The manuscript titled "Plant-Derived Flavonoids as AMPK Activators: Unveiling Their Potential in Type 2 Diabetes Management Through Mechanistic Insights, Docking Studies, and Pharmacokinetics" is a well-structured and comprehensive review. It covers the potential of plant-derived flavonoids as AMPK activators in the treatment of Type 2 Diabetes (T2DM). The manuscript discusses the mechanisms of action, docking studies, and pharmacokinetic properties (ADME) of various flavonoids. Several areas could benefit from additional detail and clarification to enhance the overall quality and impact of the review.

1. Abstract:

• Consider expanding the keywords.

2. Introduction

• Add a brief reference to the historical use of flavonoids in herbal therapies, highlighting how this background supports their potential as natural treatments for diabetes.
• Elaborate on the mechanisms by which AMPK modulates inflammation and oxidative stress, with appropriate references to recent studies.
• Introduce a transition section to connect the discussion on AMPK with flavonoids more fluidly, ensuring that the narrative is easy to follow.
• Summarize key findings from recent animal studies and preliminary clinical trials that have demonstrated the potential of flavonoids in managing T2DM.

3. Methodology

• Provide a more thorough explanation of the inclusion and exclusion criteria used to select the reviewed studies, improving the transparency and reproducibility of the review.

4. Body of the Manuscript

• Include a discussion on the limitations of molecular docking, particularly its ability to predict interactions in the complex biological environment of the human body.
• Where possible, provide data (e.g., percentage improvements in glucose uptake, AMPK activation) to help readers understand the relative effectiveness of each flavonoid. This could also enhance the value of Table 1.
• Delve deeper into the clinical implications of using flavonoids as diabetes therapies. Discuss challenges like bioavailability, drug interactions, and solubility, and propose potential solutions to overcome these barriers.
• Include a section discussing possible adverse effects of long-term flavonoid use, referencing toxicology studies if available.
• Add a comparison between the efficacy of the flavonoids and conventional drugs, particularly in terms of effectiveness and side effects, to provide readers with valuable context on the therapeutic potential of flavonoids.

5. Future Directions

• Create a section outlining clear future research directions, such as the need for clinical trials and studies examining the combined use of flavonoids with conventional diabetes therapies.

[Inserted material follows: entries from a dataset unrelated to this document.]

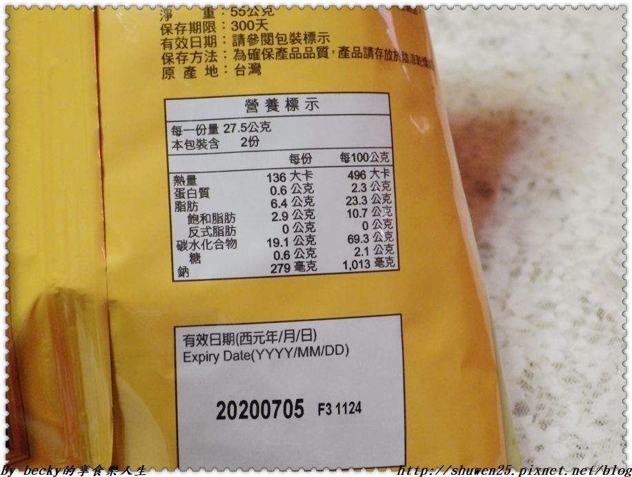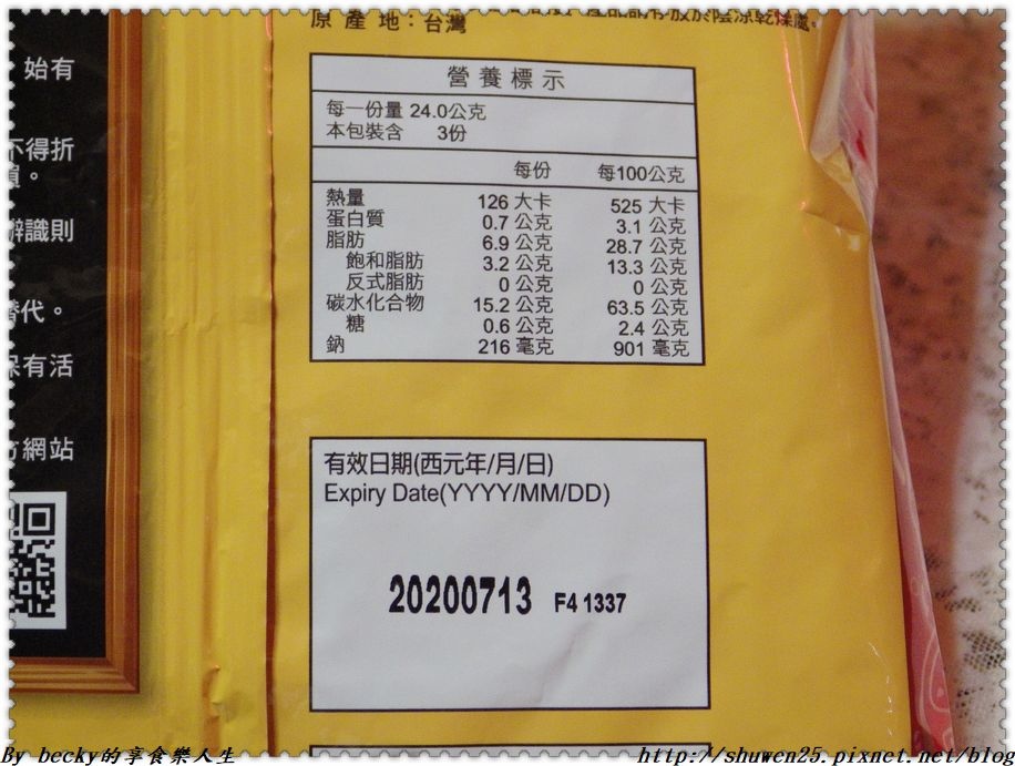 一樣背後則是活動說明、營養標示及有效日期,還有品名及成份標示資訊
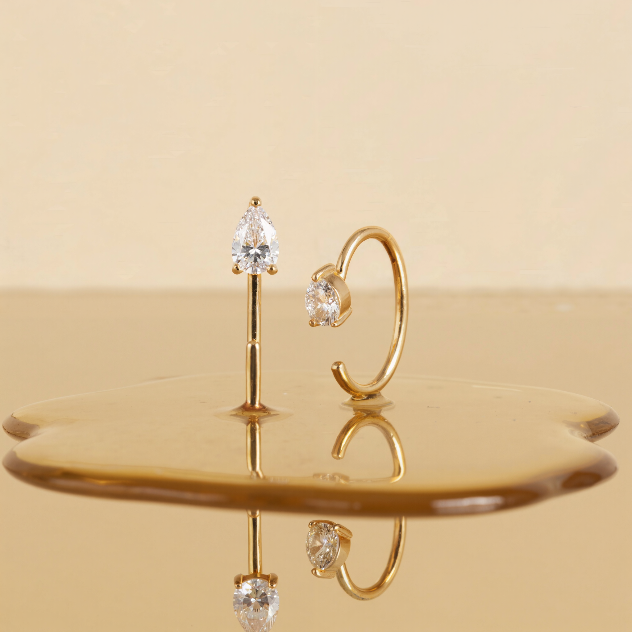 The diamond drop crescents are simple, sophisticated and unique. With a perfectly sized pear cut lab grown diamond and a comfortable curved ring, these beauties offer the look of a cute minimal stud with the "so comfortable you could sleep in it" fit of a flat back earring. Pro tip: pinch the end up a bit to fit your lobe shape perfectly ✨
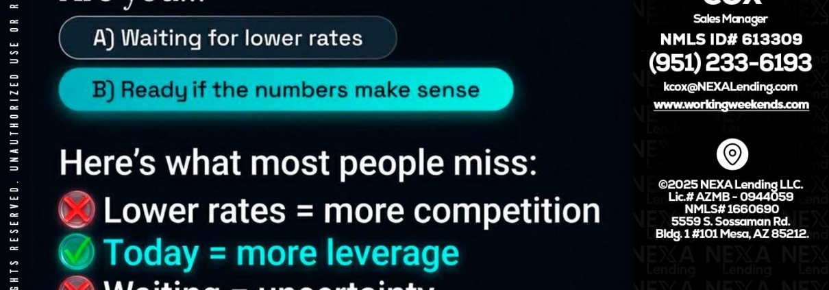 Hi, my name is Keith Cox. I’m a Loan Officer with NEXA Lending LLC., offering personalized mortgage solutions, fast customized quotes, great rates and service with integrity.
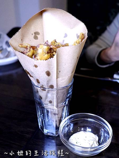 可以沾上隨付的酸豆美奶滋,沒想到豬耳朵可以這麼好吃,再來一瓶啤酒或氣泡酒,更增添酥炸豬耳朵的美味。
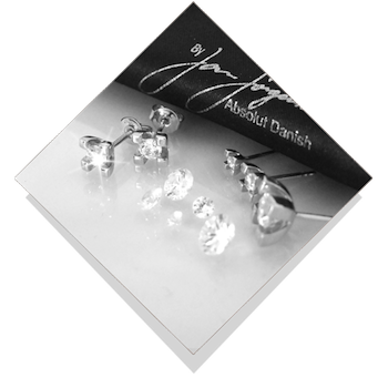 Stikker der sidder på øret, fås i helt små eller op til i alt 1,0 ct. - elegant og tidløst dansk design fra Jan Jørgensens nyeste kollektion. |
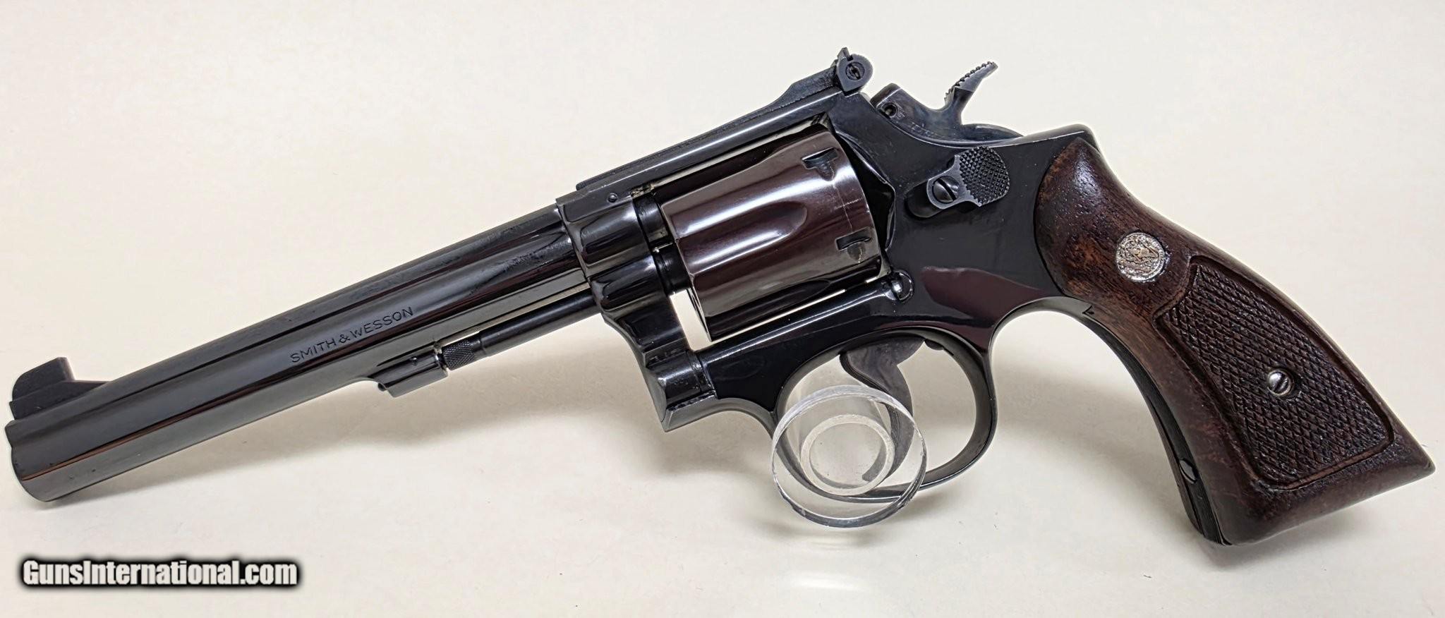 Description: Guns Listing ID: 601144 Very cool Smith & Wesson K38 14-2 Masterpiece. Gun is in nice condition with few signs of wear and use aside from grips. Cylinder also appears to be reblued but markings on the rest of the gun are crisp suggesting original bluing so marked down to fair from what would otherwise be very good. Clean bore and good action. Manufacturer: SMITH & WESSON Model: 14-2 Caliber Info: .38 SPL Condition: Used - Non-Certified Barrels: 6" BARREL Action: REVOLVER Finish: blued Price: $679.99 Contact Seller |
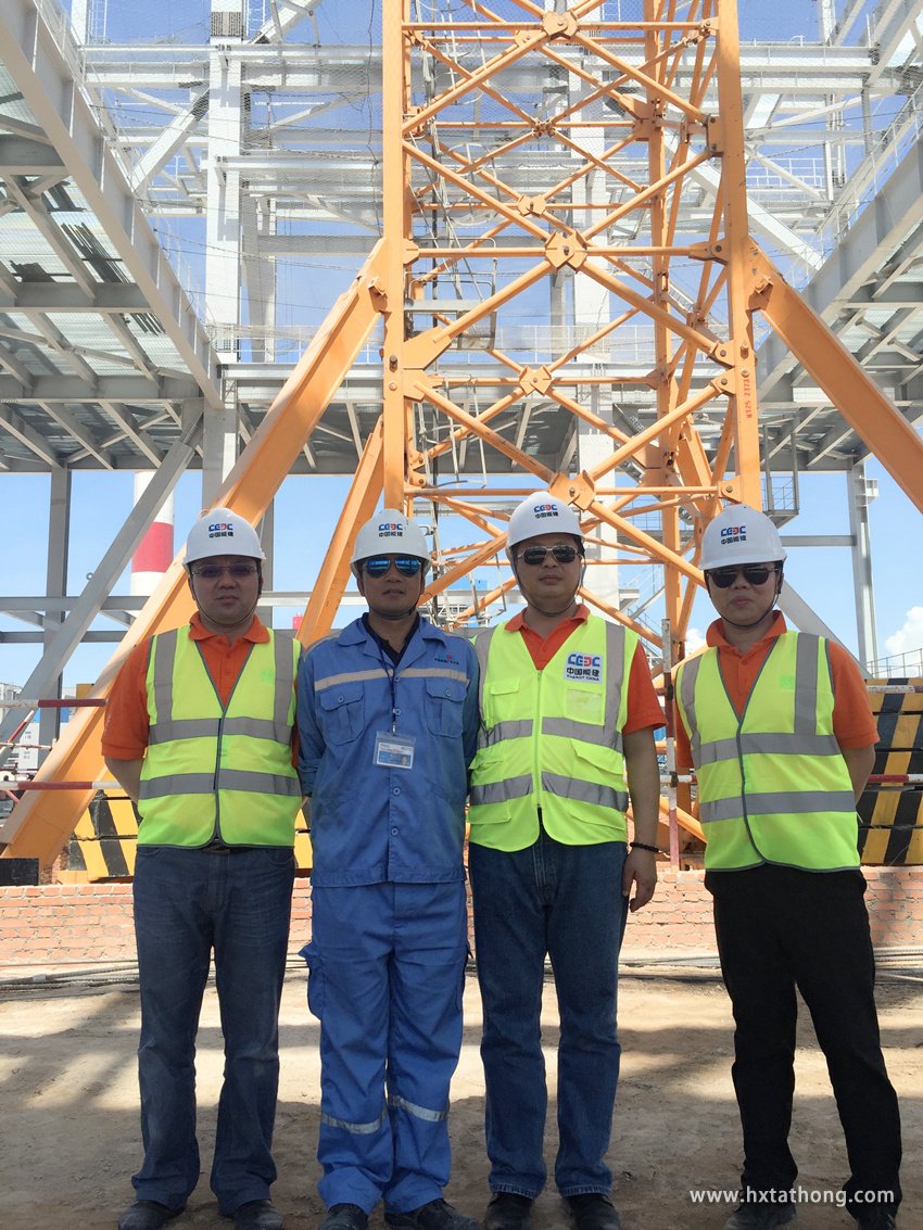 由于地理位置的差異,相對于國內(nèi)大部分區(qū)域,越南常年氣溫偏高、雨季較長,而平順省位于越南中南部,雨季時暴雨多,雨量大。此外,每年的11月到次年的3月是平順省的風季,最大可達12級的大風,惡劣的天氣對施工人員的安全帶來極大挑戰(zhàn),也給正常施工增加了難度。然而,華興達豐人不畏艱險,憑借過硬的技術(shù)和驚人的毅力,“高標準、嚴要求”配合項目工期,安全、順利完成塔機施工服務(wù)任務(wù),獲得了項目及甲方的一致認可。
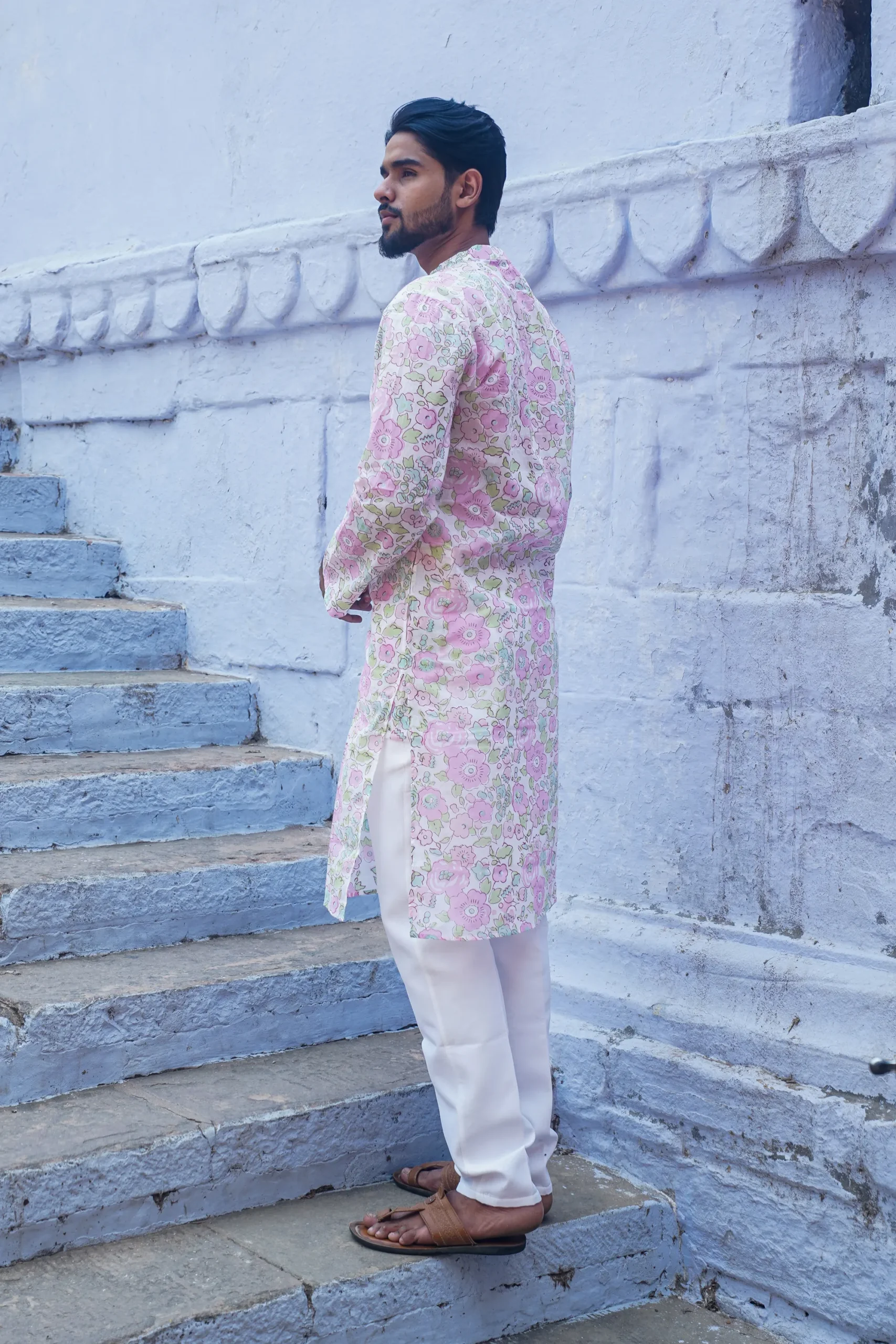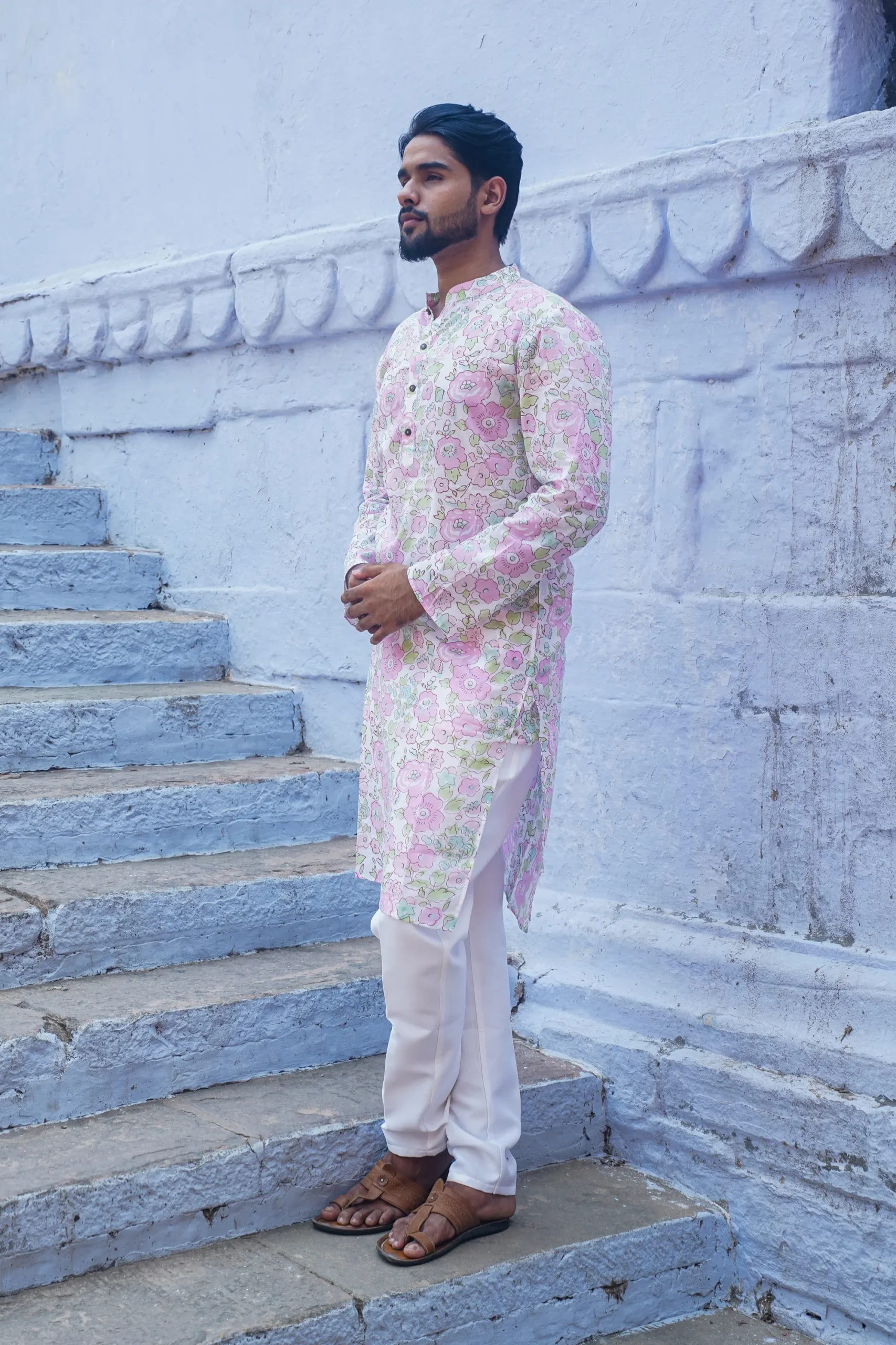 Introducing the Petal Grace Floral Printed Cotton Kurta Set, a perfect harmony of elegance and comfort. Crafted from breathable cotton and adorned with graceful floral prints, this refined ensemble features a sophisticated mandarin collar and functional side pockets. Designed for effortless style, it is versatile enough for festive gatherings, casual outings, and everyday elegance, offering timeless charm with a modern touch.
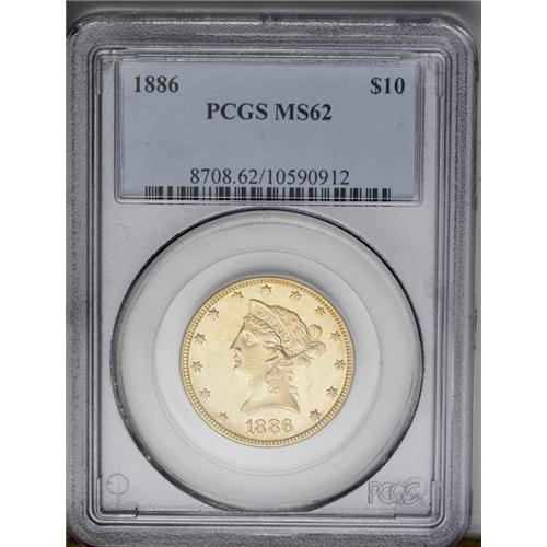 1886 $10 MS62 PCGS. Sharply struck, with bright peach- 1886
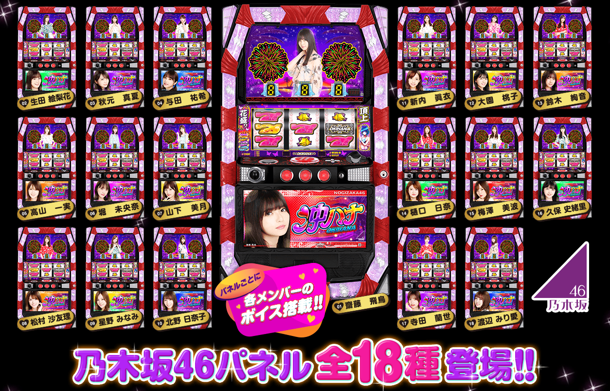 引用元:遊技日本本機では、天国ループ中のボーナスはすべてBIGボーナスで、最上位モードのループ率は約90%となっており、5号機の”沖スロ”に代わる最高峰のスペックを実現させた。また、「連続花火システム」を搭載しており、シンプルでありながらモードを推測しながらボーナスを目指すという奥深いゲーム性にもなっている。BIG終了後は99Gまでが天国ループのチャンスとなり、REG後なら32Gがチャンスだ。さらに、国民的人気アイドルグループ「乃木坂46」が遂にパチスロで登場する。メンバー18人がパネルデザインとして登場し、それぞれの撮りおろしボイスや乃木坂46の人気楽曲「裸足でSummer」、「ダンケシェーン」も収録している。

Comments on the Quality of English Language

No comments

Author Response

Reviewer1

Thank you for your thoughtful and constructive feedback. I have carefully addressed each of your points in the revised manuscript as follows:

1. Abstract:

• Consider expanding the keywords.

⟶ I have expanded the keywords.

 

2. Introduction

• Add a brief reference to the historical use of flavonoids in herbal therapies, highlighting how this background supports their potential as natural treatments for diabetes.

⟶ A brief reference to the historical use of flavonoids in herbal therapies has been added.

 

• Elaborate on the mechanisms by which AMPK modulates inflammation and oxidative stress, with appropriate references to recent studies.

⟶ The mechanisms by which AMPK modulates inflammation and oxidative stress have been elaborated.

 

• Introduce a transition section to connect the discussion on AMPK with flavonoids more fluidly, ensuring that the narrative is easy to follow.

⟶ A transition section has been introduced to smoothly connect the discussion on AMPK with flavonoids, improving the narrative flow.

 

• Summarize key findings from recent animal studies and preliminary clinical trials that have demonstrated the potential of flavonoids in managing T2DM.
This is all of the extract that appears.